In terms of PCa immunotherapy, different therapeutic mechanisms have been described for these 3 HO-1 interactors: HSPB1, DDB1, and 14-3-3ζ/δ. It has been reported a novel immune escape mechanism mediated by HSPB1, in which this protein expressed in the breast tumor microenvironment, promotes the differentiation of monocytes to macrophages with immune-tolerogenic phenotypes, which, in turn, trigger severe anergy in T-cells [50]. DDB1 has been proposed as a key factor for immunomodulatory drug sensitivity [51]. Moreover, DDB1 has been identified in high-throughput analyses as a potential target, showing sensitivity to Poly(ADP-ribose) polymerase (PARP) inhibition [52]. This therapeutic avenue might be combined together with different immunomodulatory drugs, enhancing their effect [53]. In the case of 14-3-3ζ/δ, Yu et al. [54] reported that immune-associated genes involved in interferon signaling, TLR-4 signaling, inflammasome network, antigen presentation/TCR recognition, and CD28 co-stimulation were found significantly downregulated in patients with urothelial carcinomas of the urinary bladder (UCUBs) presenting YWHAZ amplification/overexpression.
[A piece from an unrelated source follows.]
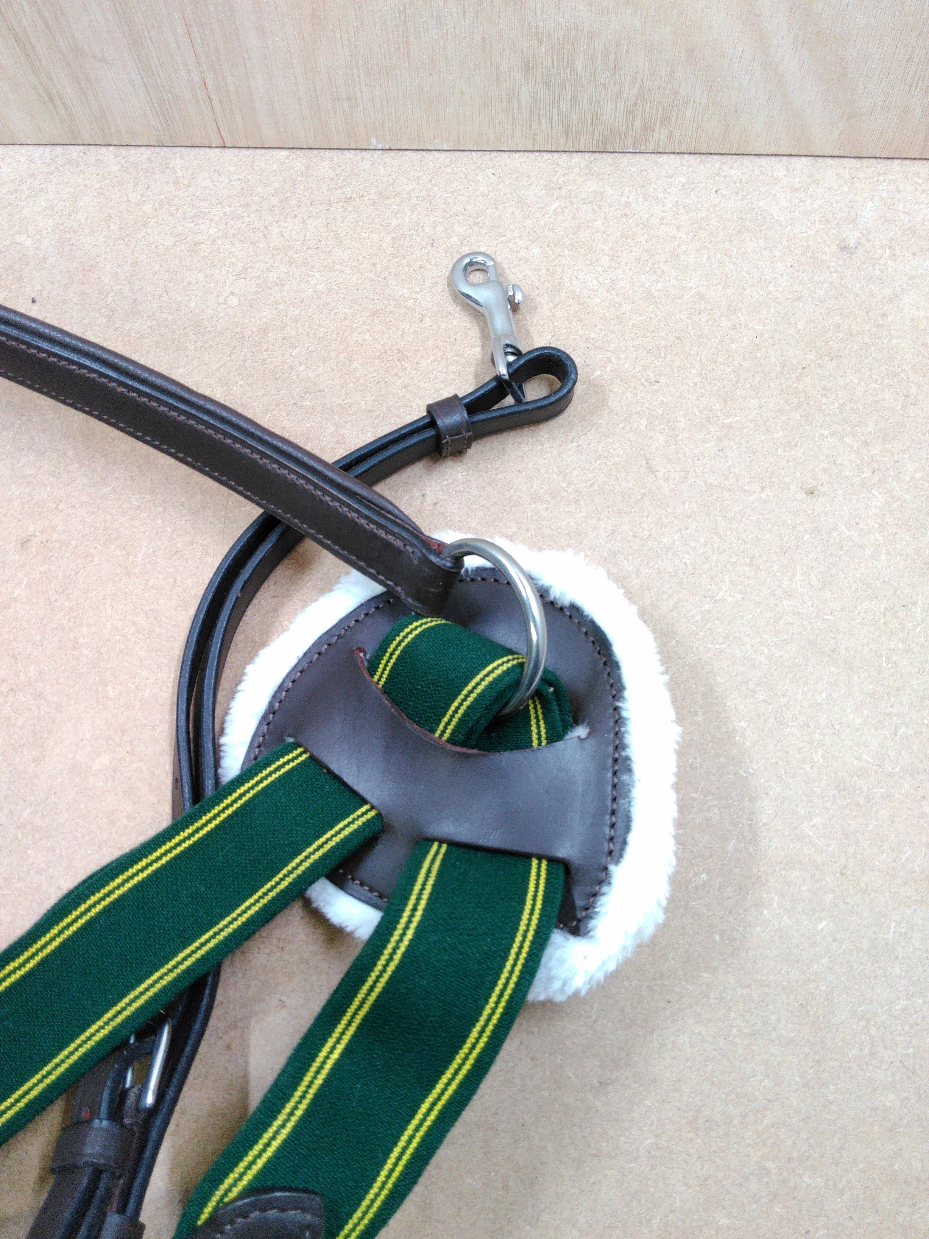 The Gallop Equestrian Leather 5 Point Breastplate is designed to provide optimal support and stability for your saddle. Made from high-quality leather, this breastplate ensures your saddle stays securely in place during rides. Despite minor blemishes on the leather keeper, this item remains unused and fully functional, making it a great addition to your equestrian gear.

However, there is no evidence of YWHAZ immunomodulation in PCa. Further studies are required in order to determine whether an anti-YWHAZ approach might be a useful strategy for improving the therapeutic efficacy of immunotherapy in PCa.

Remarkably, 14-3-3 proteins can affect various physical and functional aspects of their targets, such as: blocking nuclear localization or export signals affecting their subcellular localization, blocking their binding to other proteins, affecting their stability, and modulating their catalytic activity by modifying their conformation [47,55,56,57,58]. In most cases, the binding of 14-3-3 sequesters the target protein in a particular subcellular compartment, and the release of 14-3-3 allows the protein to relocate. Likewise, recently Chen et al. [58] revealed through in vitro and in vivo studies that 14-3-3ζ/δ promotes invasion and metastasis of non-small-cell lung cancer by binding to the soluble form of β-catenin phosphorylated at Ser552, protecting it from ubiquitin-mediated degradation, suggesting a novel mechanism by which β-catenin accumulates in the cytoplasm and remains protected from degradation in tumoral cells. Hence, 14-3-3ζ/δ promotes the activation of the Wnt pathway and the transcriptional activity of β-catenin, which enters the nucleus and interacts with the TCF/LEF complexes, inducing epithelial-mesenchymal transition, proliferation, and cell migration. Furthermore, it is widely accepted that the canonical Wnt pathway modulates osteoblast function and participates in the induction of the osteoblastic phenotype in PCa bone metastasis [59]. These results show the importance of the 14-3-3ζ/δ/β-catenin axis in PCa progression.

In this work, we confirmed the HO-1/14-3-3ζ/δ interaction, performing a co-immunoprecipitation assay. Further, through an immunofluorescence assay, we determined that HO-1 and 14-3-3ζ/δ co-localize in the nucleus of PCa cells under oxidative stress conditions. Remarkably, this is the first time that this interaction has been reported in this type of cell. Although Song et al. reported this interaction in hepatocellular carcinoma [55], they only observed co-localization of both proteins in the cell cytoplasm, demonstrating that the interaction inhibited the ubiquitination and subsequent degradation of HO-1, facilitating its stability.

5. Conclusions

In summary, the results obtained in this study describe for the first time the interaction between HO-1 and HSPB1, DDB1, and 14-3-3ζ/δ in PCa cells. Further work will be necessary to identify the fine molecular mechanisms tuning HO-1 towards the acquisition of a less aggressive phenotype and to delineate the role of its interactions in PCa.